Alan Mackenzie wrote:
> The tests in make check are development tests.  They're not build tests.
> In fact, they're fairly useless for anybody who isn't developing Emacs.
> Somebody who is developing Emacs will have the git repository.

In what sense does Emacs differ from other GNU packages, like Coreutils?

Coreutils has a series of tests that are similarly "useless" for anybody who 
isn't developing Coreutils. However, builders of Coreutils can run 'make check' 
to run these tests.

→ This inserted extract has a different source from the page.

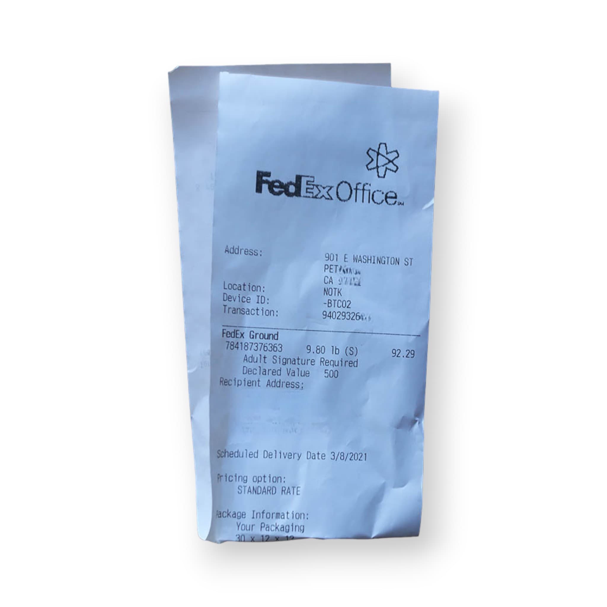 After you have completed the box process, simply drop it off at a FedEx location near you or schedule a pickup. You MUST obtain a physical drop-off receipt and CANNOT drop off at a location that is not FedEx branded (Grocery Store, Pack N' Ship etc.)

If tests fail, builders can decide themselves whether to 
install the build, or to stick with an older version. And they can report 
problems to developers, often problems that the developers themselves couldn't 
easily find. The developers and builders can then collaborate to fix the 
problem. Yes, the process can be a bit awkward, but it beats leaving the bugs 
unfixed. And no part of this process requires builders to understand the code 
well enough to fix it.

Why shouldn't Emacs do that too?



  reply	other threads:[~2019-05-04 15:56 UTC|newest]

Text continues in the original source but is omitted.